Goal of the exercise:
Write out the full listing exactly as given, minus the images.

Given information:
┌──
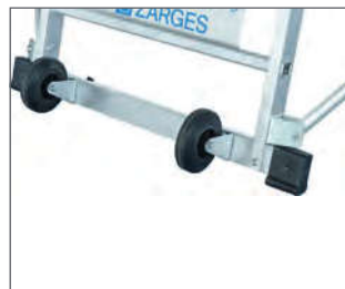
Integrierte Rollen erleichtern das Verfahren.
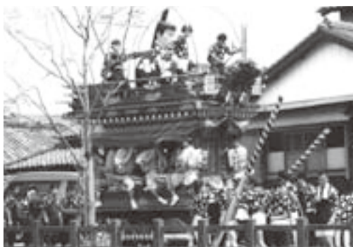
▲如月会が乗る下仲町の山車(佐原の夏祭り)

香川 下座を始められ たきっかけは何だった んですか。 多田 集落のオビシャ など、いろいろな行事 に参加するうちに自然 に覚えたんですよ。20 歳くらいから始めたん じゃないかな。約60年 続けていますよ。 香川 私は子どものこ ろから山車行事には参 加していたんですが、 お囃子にも興味があつ て、25歳くらいのとき に先輩に誘われて本格 的に始めたんです。楽 器は何を担当している んですか。 多田 大鼓です。小鼓 や笛も試したことがあ りますが、大鼓一筋で す。死ぬまで続けます よ。 香川 私も大鼓をやつ ているんですよ。大鼓 は一人でやらないとい けないから大変ですよ ね。 多田 大鼓は下座のテ ンポを早くしたり、遅 くしたりするのが自在 だから面白いんだよ ね。 香川 私もそう思いま すね。それだけ重要な 役割だということなん ですよ。 多田 それと掛け声が 重要だと教えられた よ。昔から牧野下座連 の掛け声は有名だった んだ。「毛成下座連の 笛、牧野下座連の掛け 声、内野芸座連のツケ (附縮小太鼓)」と言わ れていたんだよ。 香川 その話はよく聞 きますね。掛け声に よって笛が鳴りますか らね。 多田 気持ちこそろつ ていなければいい下座 にはならないんだ。い い下座を聞くと涙がで てくるよ(笑)。60年 やってるが仕上がら ないんだ。やればやる ほど難しくなる。とに かく稽古することしか ないよ。稽古さえしつ かりやっていけば、祭 りの本番でも疲れない んだよ。だから私たち は週2回稽古している んですよ。 香川 そうですね、練 習している人たちには かないませんね。しか し稽古したくても、ど の下座連も練習場所に は困っているみたいで すね。せっかく若い子 たちが入ってきてても、 近所の人たちに迷惑も かけられないから大変 みたいですよ。内野芸座 連も同じですか。 多田 場所よ りも内野流の 下座連は同じ 流派が少ない から下座連同 士で助け合う ことができな いところか な。今は牧野 流が多いからね。もつ と若い人たちに入つて もらいたいよ。 香川 祭りが好きと、 下座が好きなのは少し 違ふところがあるのか な。祭りが好きで下 座連に入ってきてても、 やめてしまう人も多い ですよ。本当に好きで ないと長くは続けられ ないんですよ。伝統 の灯を消さないように したいですね。内野芸 座連は歴史があると聞 いています。実際に 起源はいつごろなん ですか。 多田 詳しく調べては いませんが、2000年以 上前の大神楽が始まり だと聞いたこ とがあります。 そのころのお 囃子が今の下 座につながつ てきているん だと思いま すよ。今なら覚 えている人た
└──
Finished task:
Integrierte Rollen erleichtern das Verfahren.
▲如月会が乗る下仲町の山車(佐原の夏祭り)

香川 下座を始められ たきっかけは何だった んですか。 多田 集落のオビシャ など、いろいろな行事 に参加するうちに自然 に覚えたんですよ。20 歳くらいから始めたん じゃないかな。約60年 続けていますよ。 香川 私は子どものこ ろから山車行事には参 加していたんですが、 お囃子にも興味があつ て、25歳くらいのとき に先輩に誘われて本格 的に始めたんです。楽 器は何を担当している んですか。 多田 大鼓です。小鼓 や笛も試したことがあ りますが、大鼓一筋で す。死ぬまで続けます よ。 香川 私も大鼓をやつ ているんですよ。大鼓 は一人でやらないとい けないから大変ですよ ね。 多田 大鼓は下座のテ ンポを早くしたり、遅 くしたりするのが自在 だから面白いんだよ ね。 香川 私もそう思いま すね。それだけ重要な 役割だということなん ですよ。 多田 それと掛け声が 重要だと教えられた よ。昔から牧野下座連 の掛け声は有名だった んだ。「毛成下座連の 笛、牧野下座連の掛け 声、内野芸座連のツケ (附縮小太鼓)」と言わ れていたんだよ。 香川 その話はよく聞 きますね。掛け声に よって笛が鳴りますか らね。 多田 気持ちこそろつ ていなければいい下座 にはならないんだ。い い下座を聞くと涙がで てくるよ(笑)。60年 やってるが仕上がら ないんだ。やればやる ほど難しくなる。とに かく稽古することしか ないよ。稽古さえしつ かりやっていけば、祭 りの本番でも疲れない んだよ。だから私たち は週2回稽古している んですよ。 香川 そうですね、練 習している人たちには かないませんね。しか し稽古したくても、ど の下座連も練習場所に は困っているみたいで すね。せっかく若い子 たちが入ってきてても、 近所の人たちに迷惑も かけられないから大変 みたいですよ。内野芸座 連も同じですか。 多田 場所よ りも内野流の 下座連は同じ 流派が少ない から下座連同 士で助け合う ことができな いところか な。今は牧野 流が多いからね。もつ と若い人たちに入つて もらいたいよ。 香川 祭りが好きと、 下座が好きなのは少し 違ふところがあるのか な。祭りが好きで下 座連に入ってきてても、 やめてしまう人も多い ですよ。本当に好きで ないと長くは続けられ ないんですよ。伝統 の灯を消さないように したいですね。内野芸 座連は歴史があると聞 いています。実際に 起源はいつごろなん ですか。 多田 詳しく調べては いませんが、2000年以 上前の大神楽が始まり だと聞いたこ とがあります。 そのころのお 囃子が今の下 座につながつ てきているん だと思いま すよ。今なら覚 えている人た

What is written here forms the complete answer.